EDITOR: Thanks to Matt Richter for correctly diagnosing the disease suffered by nonprofits, and for suggesting a cure. The environmental movement here is so greatly undermined by the timid boards of its powerful nonprofits that among my activist friends 501c(3) status is rightly seen as the kiss of death. Witness the big official enviro support for construction of a highway tunnel through the downtown waterfront, an item completely at odds with the agendas of organizations like People For Puget Sound, for instance. But they and other nominally environmental orgs support the project. This is standard practice in the topsy-turvy nonprofit world. The monorail movement may have failed due to lying politicians' backroom deals and a shallow, cowardly media, but it only made the progress it did because for so long the movement was in the hands of a few people, free to speak strongly. In order to do their work, the two orgs I have served as Executive Director had to either dissolve (Yes For Seattle) or have their principals break away (Friends of the Monorail) to continue their organization's original aim. When my business partner and I started our very public-sounding Cascadia Film Collective to make great films in the Northwest, we did so privately because we knew art can't be made by a committee. Hopefully the cures prescribed by Mr. Richter will make unwavering public service possible with a little less hazardous self-sacrifice and financial risk than is now required.
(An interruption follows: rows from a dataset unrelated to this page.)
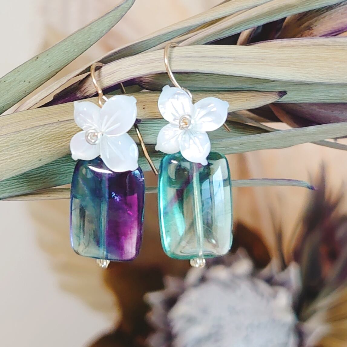 みずみずしい大粒フローライト、煌めきが美しいホワイトシェルの花を使った
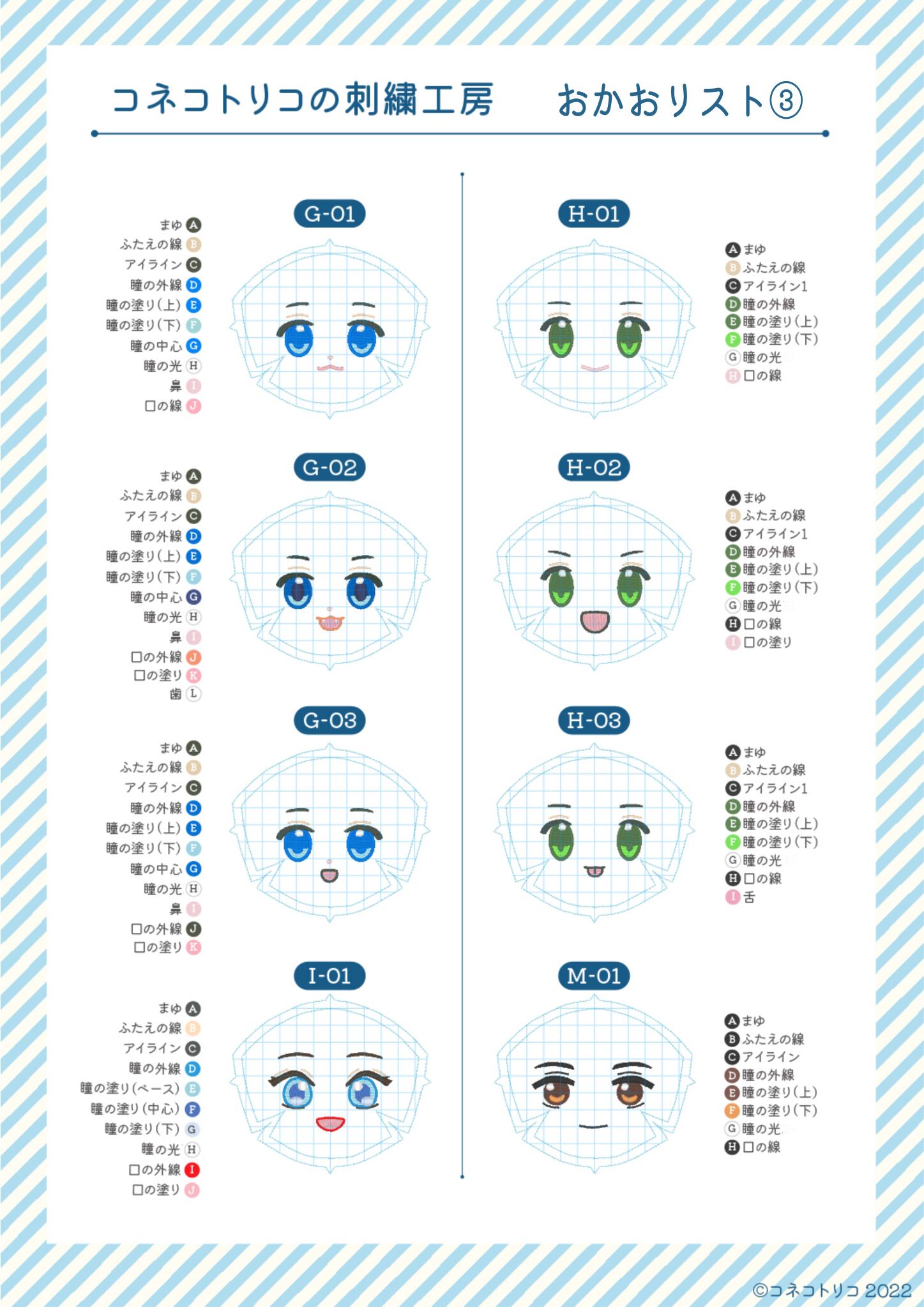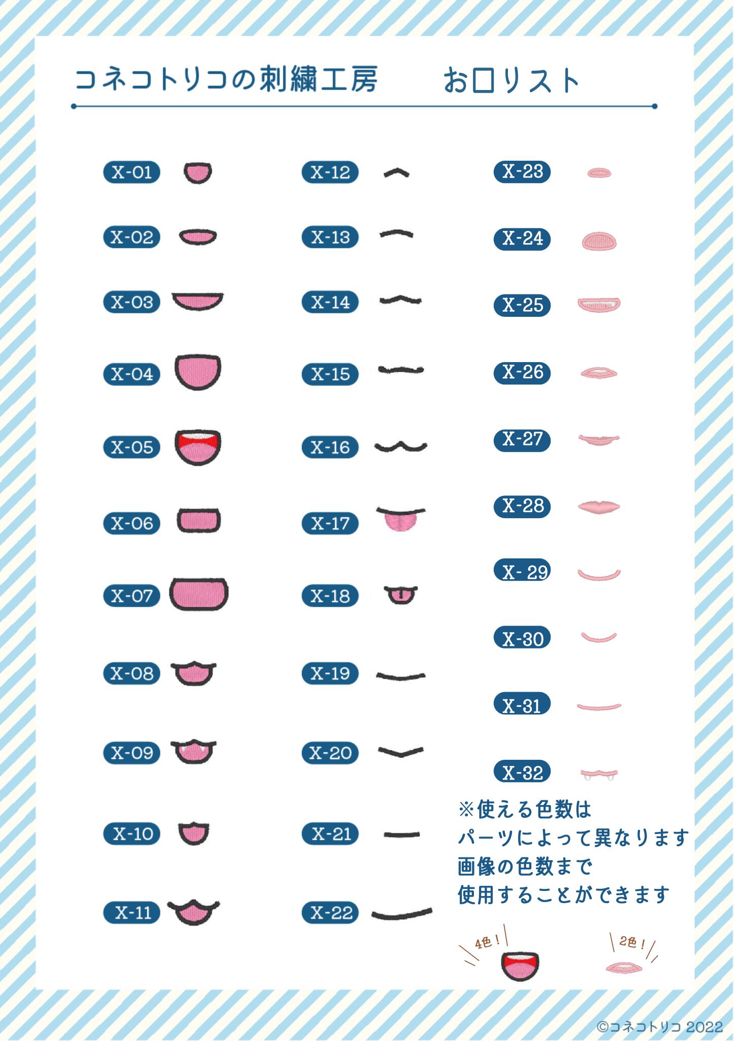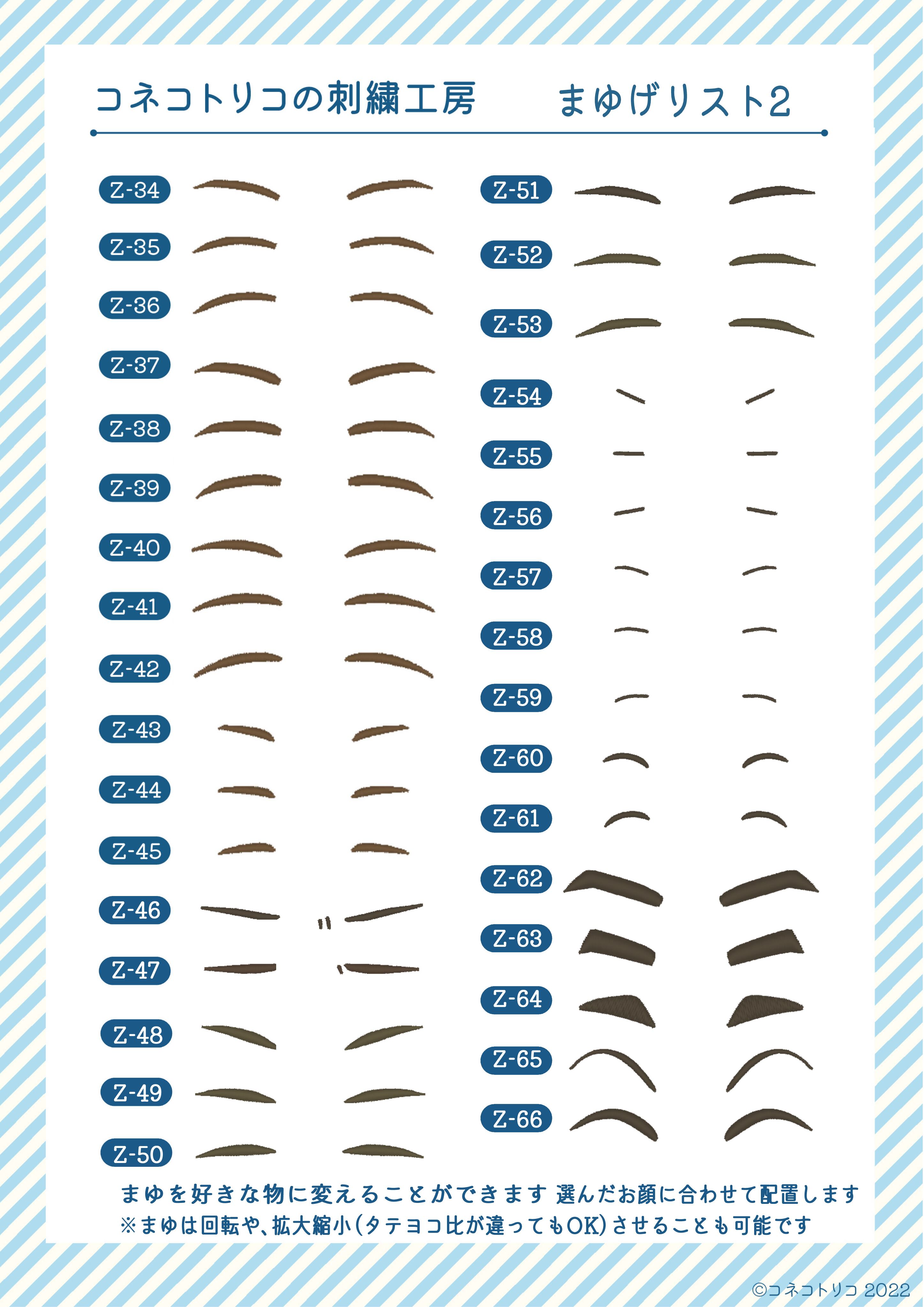 ・口、まゆげはオプションパーツ一覧の中からお好きなものに変更可能です。
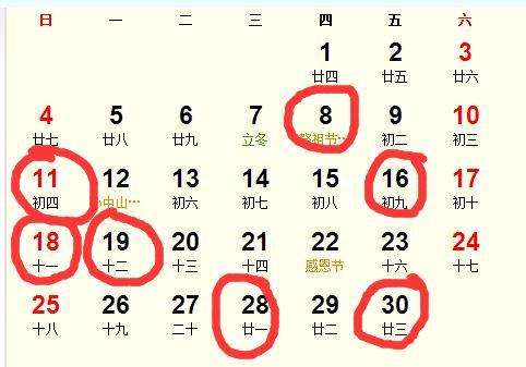 答:11月26日是好日子,阳历9号,星期六。66大顺。
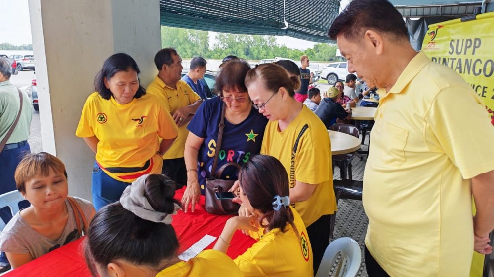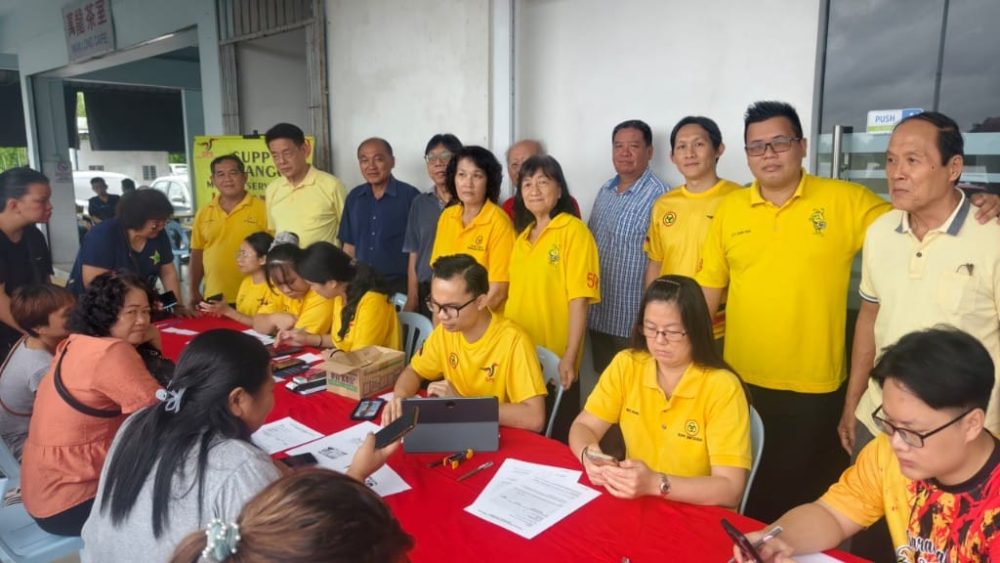 ADUN Meradong, Datuk Ding Koung Hiing bersama ahli-ahli SUPP Cawangan Bintangor menyantuni penduduk setempat yang hadir untuk mendapatkan bantuan. Foto Pusat Khidmat Meradong
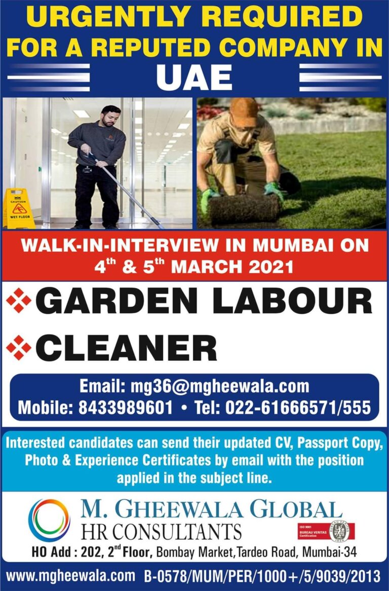 URGENTLY REQUIREDFOR A REPUTED COMPANY INWALK-IN-INTERVIEW IN MUMBAI ON4th & 5th MARCH 2021GARDEN LABOURCLEANEREmail: mg36@mgheewaIa.comMobile: 8433989601 • Tel: 022-61666571/555nterested candidates …
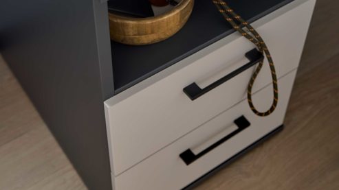 Links befindet sich ein schon fertig montierter Container mit offenem Fach und zwei Schubladen, der dir vielseitigen Stauraum für Bücher, Unterlagen und Arbeitsmaterialien bietet. Die Schubladen mit Soft-Stop-Einzug schließen angenehm leise und sorgen für zusätzlichen Komfort im Alltag.
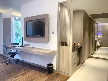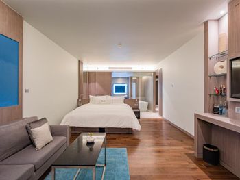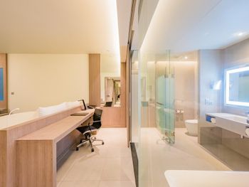Очень большая кровать, довольно удобно разделено пространство внутри комнаты. Визуально очень стильно и современно смотрится. Хорошие сытные завтраки. Всегда в изобилии разные напитки, мороженое, доброжелательный персонал.
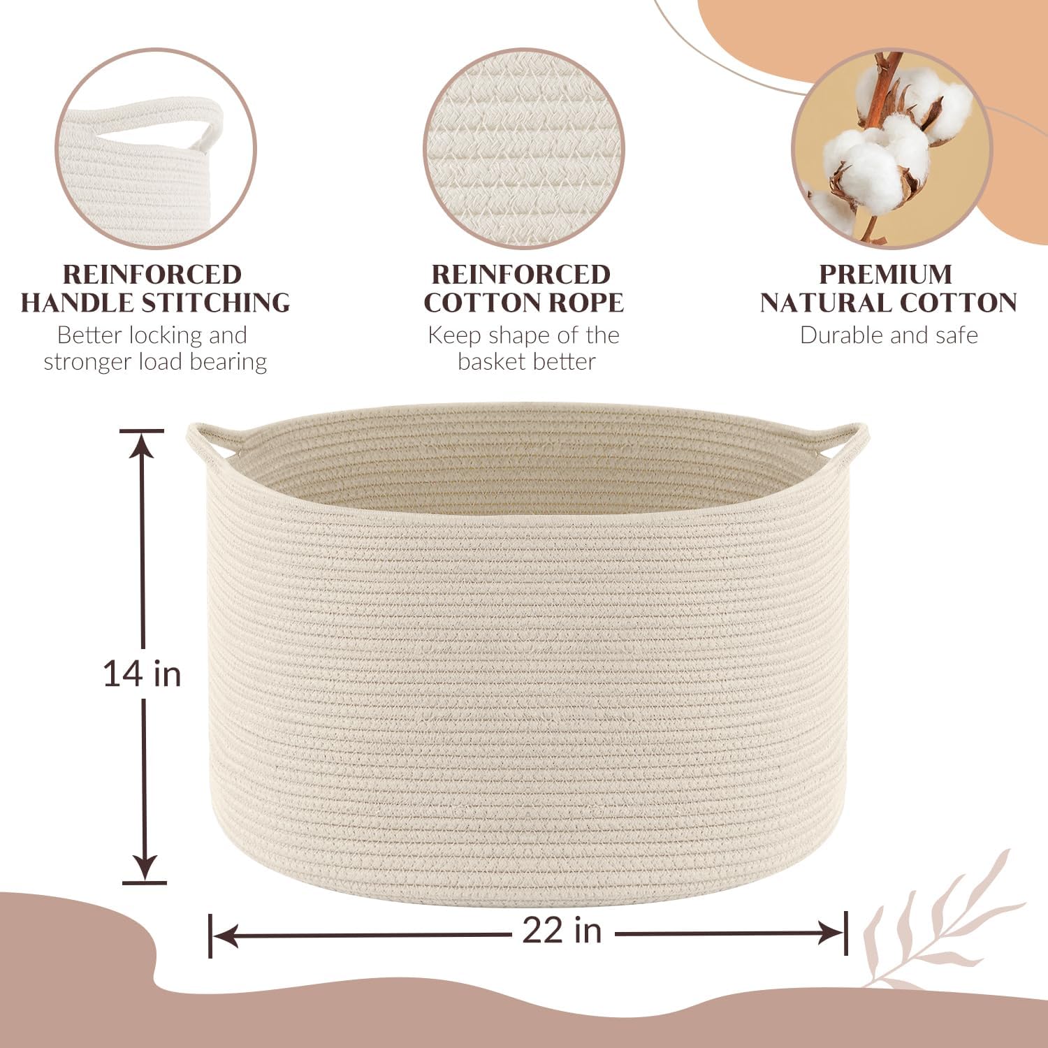 - Langlebig und wunderbares Geschenk: aus hochwertiger natürlicher Baumwolle, langlebig und sicher. Sie können die dekorativen Aufbewahrungskörbe Ihren Freunden, Kindern und Familien als Geburtstagsgeschenke, Weihnachtsgeschenke, Thanksgiving-Geschenke,
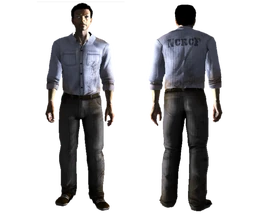 Тёмные брюки и синяя полосатая рубашка с чёрными буквами NCRCF (New California Republic Correction Facility, что означает «Исправительное учреждение НКР») на спине. Является стандартной одеждой заключенных исправительного учреждения, но без синей куртки. На данный момент активно используется подрывниками.
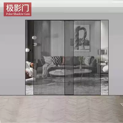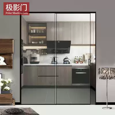 Very narrow and thin frame push-pull kitchen titanium aluminum alloy custom partition balcony living room hanging wheel linkage glass sliding door
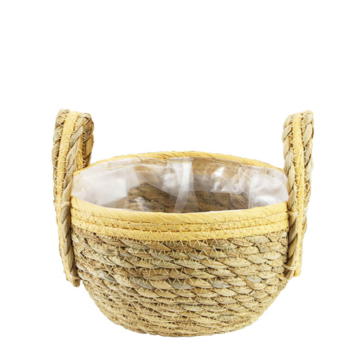 Pflanzkorb Seegras natur-helles orange, Übertopf mit Henkel, Naturkorb mit Folie ausgekleidet, 15x20cm
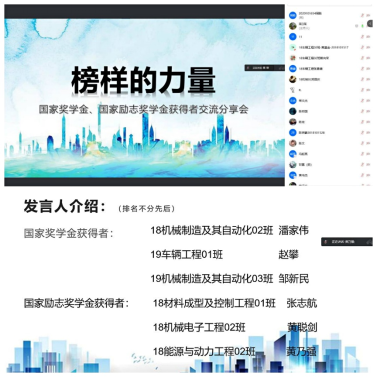 为深入挖掘机械学子中涌现的典型,充分发挥优秀学生的模范带头作用,更好地引导青年学生成长成才,beat365英国官网于2022年5月9日至5月10日在线上举办了“榜样的力量—国家奖学金、国家励志奖学金获得者交流分享会活动。
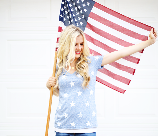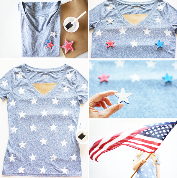 • Instructions: 1) use a brown paper bag or a piece of cardboard to place inside the tee to avoid paint seeping through to the backside. 2) make a star stamp from foam stickers (layered 3 high). 3) arrange stars in a pattern of choice – measuring may also be helpful. I alternated 4 and 3 to a row. 4) apply fabric paint to the star with a foam brush (using craft or acrylic paints – will wash out when laundered). apply a heavy layer that’s slightly messy (not evenly distributed). the irregular globes of paint help give texture and more of a distressed feel. 5) let dry 4 hours before repeating on the backside. Supplies: Tee – Mossimo at Target (in blue delta), Fabric Paint (matte glacier white) – HERE or Michael’s, Foam Star Stickers  – Michael’s
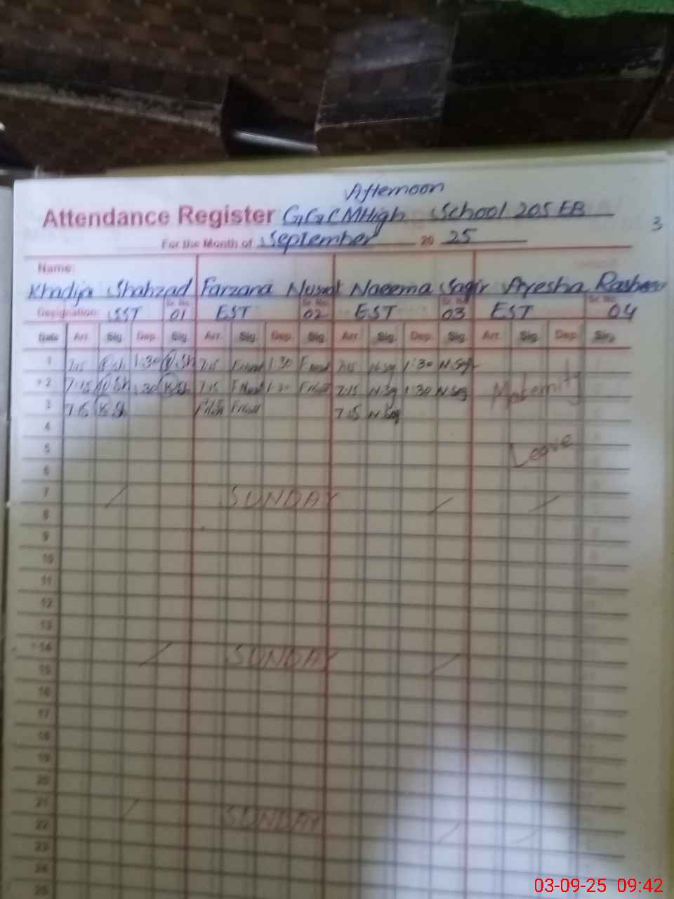 | 36**** | Ay**** Ra**** | Regular | 30 | 0 | 0 | 30 | 0 | 0 | 0 | 0 | 0 | Maternity | |
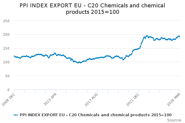 Download this time seriesPPI INDEX EXPORT EU - C20 Chemicals and chemical products 2015=100

For now, courage to the progressive, right-thinking independent young artists, activists, planners and developers out there who aren't afraid to make a profit. When you cash in you'll deserve every penny, and your good works will be enabled to continue.

Grant Cogswell

GET BEHIND MCDERMOTT

EDITOR: Regarding "Not So Free Speech," April 27: Thanks for you're your recognition of Congressman Jim McDermott's tenacious fight to protect the First Amendment—and his ongoing contribution to The Stranger's own health and well-being. Remember that please should you be tempted again to suggest he be replaced.